TASK DETAILS
The data should be printed again, exactly.

EXERCISE DATA
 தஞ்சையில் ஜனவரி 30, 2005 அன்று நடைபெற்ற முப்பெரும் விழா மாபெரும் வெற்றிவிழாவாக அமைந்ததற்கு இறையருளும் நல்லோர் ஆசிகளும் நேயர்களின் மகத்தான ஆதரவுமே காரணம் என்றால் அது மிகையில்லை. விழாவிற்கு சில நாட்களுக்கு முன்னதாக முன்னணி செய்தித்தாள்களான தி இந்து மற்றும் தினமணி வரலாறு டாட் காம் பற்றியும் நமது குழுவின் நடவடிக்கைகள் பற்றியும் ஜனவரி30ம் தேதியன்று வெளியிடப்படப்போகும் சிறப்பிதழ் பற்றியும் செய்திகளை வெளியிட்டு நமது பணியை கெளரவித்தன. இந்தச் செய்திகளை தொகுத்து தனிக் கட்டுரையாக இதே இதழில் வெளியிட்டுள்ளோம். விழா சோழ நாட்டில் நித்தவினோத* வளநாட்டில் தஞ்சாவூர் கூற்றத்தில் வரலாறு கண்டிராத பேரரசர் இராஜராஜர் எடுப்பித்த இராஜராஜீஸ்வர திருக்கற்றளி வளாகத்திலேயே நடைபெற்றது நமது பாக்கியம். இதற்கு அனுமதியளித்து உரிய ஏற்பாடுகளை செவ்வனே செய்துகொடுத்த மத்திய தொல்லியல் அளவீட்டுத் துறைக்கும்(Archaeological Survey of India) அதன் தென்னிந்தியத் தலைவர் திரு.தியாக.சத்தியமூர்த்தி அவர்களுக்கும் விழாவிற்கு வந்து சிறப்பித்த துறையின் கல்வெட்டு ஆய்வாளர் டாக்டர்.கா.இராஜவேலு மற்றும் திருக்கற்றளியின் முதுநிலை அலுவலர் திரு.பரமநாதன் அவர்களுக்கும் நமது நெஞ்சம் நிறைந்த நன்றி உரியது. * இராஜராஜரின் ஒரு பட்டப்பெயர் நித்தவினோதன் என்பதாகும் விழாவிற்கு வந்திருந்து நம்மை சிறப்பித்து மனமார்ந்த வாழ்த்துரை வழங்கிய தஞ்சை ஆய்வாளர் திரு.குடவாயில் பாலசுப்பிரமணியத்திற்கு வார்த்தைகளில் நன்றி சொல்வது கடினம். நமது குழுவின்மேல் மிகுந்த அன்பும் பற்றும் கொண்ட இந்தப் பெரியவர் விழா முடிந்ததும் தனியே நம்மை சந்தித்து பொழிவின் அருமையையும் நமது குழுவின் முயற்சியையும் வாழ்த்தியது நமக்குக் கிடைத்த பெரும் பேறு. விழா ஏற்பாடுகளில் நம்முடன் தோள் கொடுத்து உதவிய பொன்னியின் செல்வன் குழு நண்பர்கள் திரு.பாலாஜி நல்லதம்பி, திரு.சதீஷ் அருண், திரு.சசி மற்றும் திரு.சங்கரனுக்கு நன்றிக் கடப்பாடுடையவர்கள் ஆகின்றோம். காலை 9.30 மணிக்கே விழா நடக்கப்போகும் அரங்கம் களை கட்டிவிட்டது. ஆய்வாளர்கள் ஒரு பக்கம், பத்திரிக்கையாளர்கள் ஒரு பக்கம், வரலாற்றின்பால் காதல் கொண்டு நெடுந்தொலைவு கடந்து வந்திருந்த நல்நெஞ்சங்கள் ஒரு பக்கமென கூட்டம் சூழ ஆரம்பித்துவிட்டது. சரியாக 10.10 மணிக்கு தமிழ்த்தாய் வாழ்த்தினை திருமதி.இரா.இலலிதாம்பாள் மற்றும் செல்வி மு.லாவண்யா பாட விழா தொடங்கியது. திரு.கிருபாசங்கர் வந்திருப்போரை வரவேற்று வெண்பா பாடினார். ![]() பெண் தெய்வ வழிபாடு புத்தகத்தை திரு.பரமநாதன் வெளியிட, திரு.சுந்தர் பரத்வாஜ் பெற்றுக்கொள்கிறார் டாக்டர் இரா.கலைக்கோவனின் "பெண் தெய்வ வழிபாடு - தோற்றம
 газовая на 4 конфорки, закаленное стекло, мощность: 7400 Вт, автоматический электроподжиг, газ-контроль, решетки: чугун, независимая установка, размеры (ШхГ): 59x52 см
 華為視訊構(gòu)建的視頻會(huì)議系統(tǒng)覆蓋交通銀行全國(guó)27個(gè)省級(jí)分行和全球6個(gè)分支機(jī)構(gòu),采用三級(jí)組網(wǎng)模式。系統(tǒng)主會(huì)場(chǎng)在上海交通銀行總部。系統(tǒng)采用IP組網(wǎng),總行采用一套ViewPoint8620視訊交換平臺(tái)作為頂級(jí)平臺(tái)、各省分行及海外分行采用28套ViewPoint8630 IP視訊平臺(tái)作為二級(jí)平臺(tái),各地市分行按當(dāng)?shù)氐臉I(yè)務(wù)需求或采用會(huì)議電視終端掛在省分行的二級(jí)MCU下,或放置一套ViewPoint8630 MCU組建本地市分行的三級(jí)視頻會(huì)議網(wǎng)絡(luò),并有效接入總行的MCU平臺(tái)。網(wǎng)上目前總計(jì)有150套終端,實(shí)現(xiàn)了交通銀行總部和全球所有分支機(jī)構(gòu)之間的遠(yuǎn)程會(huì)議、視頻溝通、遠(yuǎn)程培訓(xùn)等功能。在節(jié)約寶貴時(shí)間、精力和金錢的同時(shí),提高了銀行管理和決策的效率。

ANSWER SPACE
 தஞ்சையில் ஜனவரி 30, 2005 அன்று நடைபெற்ற முப்பெரும் விழா மாபெரும் வெற்றிவிழாவாக அமைந்ததற்கு இறையருளும் நல்லோர் ஆசிகளும் நேயர்களின் மகத்தான ஆதரவுமே காரணம் என்றால் அது மிகையில்லை. விழாவிற்கு சில நாட்களுக்கு முன்னதாக முன்னணி செய்தித்தாள்களான தி இந்து மற்றும் தினமணி வரலாறு டாட் காம் பற்றியும் நமது குழுவின் நடவடிக்கைகள் பற்றியும் ஜனவரி30ம் தேதியன்று வெளியிடப்படப்போகும் சிறப்பிதழ் பற்றியும் செய்திகளை வெளியிட்டு நமது பணியை கெளரவித்தன. இந்தச் செய்திகளை தொகுத்து தனிக் கட்டுரையாக இதே இதழில் வெளியிட்டுள்ளோம். விழா சோழ நாட்டில் நித்தவினோத* வளநாட்டில் தஞ்சாவூர் கூற்றத்தில் வரலாறு கண்டிராத பேரரசர் இராஜராஜர் எடுப்பித்த இராஜராஜீஸ்வர திருக்கற்றளி வளாகத்திலேயே நடைபெற்றது நமது பாக்கியம். இதற்கு அனுமதியளித்து உரிய ஏற்பாடுகளை செவ்வனே செய்துகொடுத்த மத்திய தொல்லியல் அளவீட்டுத் துறைக்கும்(Archaeological Survey of India) அதன் தென்னிந்தியத் தலைவர் திரு.தியாக.சத்தியமூர்த்தி அவர்களுக்கும் விழாவிற்கு வந்து சிறப்பித்த துறையின் கல்வெட்டு ஆய்வாளர் டாக்டர்.கா.இராஜவேலு மற்றும் திருக்கற்றளியின் முதுநிலை அலுவலர் திரு.பரமநாதன் அவர்களுக்கும் நமது நெஞ்சம் நிறைந்த நன்றி உரியது. * இராஜராஜரின் ஒரு பட்டப்பெயர் நித்தவினோதன் என்பதாகும் விழாவிற்கு வந்திருந்து நம்மை சிறப்பித்து மனமார்ந்த வாழ்த்துரை வழங்கிய தஞ்சை ஆய்வாளர் திரு.குடவாயில் பாலசுப்பிரமணியத்திற்கு வார்த்தைகளில் நன்றி சொல்வது கடினம். நமது குழுவின்மேல் மிகுந்த அன்பும் பற்றும் கொண்ட இந்தப் பெரியவர் விழா முடிந்ததும் தனியே நம்மை சந்தித்து பொழிவின் அருமையையும் நமது குழுவின் முயற்சியையும் வாழ்த்தியது நமக்குக் கிடைத்த பெரும் பேறு. விழா ஏற்பாடுகளில் நம்முடன் தோள் கொடுத்து உதவிய பொன்னியின் செல்வன் குழு நண்பர்கள் திரு.பாலாஜி நல்லதம்பி, திரு.சதீஷ் அருண், திரு.சசி மற்றும் திரு.சங்கரனுக்கு நன்றிக் கடப்பாடுடையவர்கள் ஆகின்றோம். காலை 9.30 மணிக்கே விழா நடக்கப்போகும் அரங்கம் களை கட்டிவிட்டது. ஆய்வாளர்கள் ஒரு பக்கம், பத்திரிக்கையாளர்கள் ஒரு பக்கம், வரலாற்றின்பால் காதல் கொண்டு நெடுந்தொலைவு கடந்து வந்திருந்த நல்நெஞ்சங்கள் ஒரு பக்கமென கூட்டம் சூழ ஆரம்பித்துவிட்டது. சரியாக 10.10 மணிக்கு தமிழ்த்தாய் வாழ்த்தினை திருமதி.இரா.இலலிதாம்பாள் மற்றும் செல்வி மு.லாவண்யா பாட விழா தொடங்கியது. திரு.கிருபாசங்கர் வந்திருப்போரை வரவேற்று வெண்பா பாடினார். ![]() பெண் தெய்வ வழிபாடு புத்தகத்தை திரு.பரமநாதன் வெளியிட, திரு.சுந்தர் பரத்வாஜ் பெற்றுக்கொள்கிறார் டாக்டர் இரா.கலைக்கோவனின் "பெண் தெய்வ வழிபாடு - தோற்றம
 газовая на 4 конфорки, закаленное стекло, мощность: 7400 Вт, автоматический электроподжиг, газ-контроль, решетки: чугун, независимая установка, размеры (ШхГ): 59x52 см
 華為視訊構(gòu)建的視頻會(huì)議系統(tǒng)覆蓋交通銀行全國(guó)27個(gè)省級(jí)分行和全球6個(gè)分支機(jī)構(gòu),采用三級(jí)組網(wǎng)模式。系統(tǒng)主會(huì)場(chǎng)在上海交通銀行總部。系統(tǒng)采用IP組網(wǎng),總行采用一套ViewPoint8620視訊交換平臺(tái)作為頂級(jí)平臺(tái)、各省分行及海外分行采用28套ViewPoint8630 IP視訊平臺(tái)作為二級(jí)平臺(tái),各地市分行按當(dāng)?shù)氐臉I(yè)務(wù)需求或采用會(huì)議電視終端掛在省分行的二級(jí)MCU下,或放置一套ViewPoint8630 MCU組建本地市分行的三級(jí)視頻會(huì)議網(wǎng)絡(luò),并有效接入總行的MCU平臺(tái)。網(wǎng)上目前總計(jì)有150套終端,實(shí)現(xiàn)了交通銀行總部和全球所有分支機(jī)構(gòu)之間的遠(yuǎn)程會(huì)議、視頻溝通、遠(yuǎn)程培訓(xùn)等功能。在節(jié)約寶貴時(shí)間、精力和金錢的同時(shí),提高了銀行管理和決策的效率。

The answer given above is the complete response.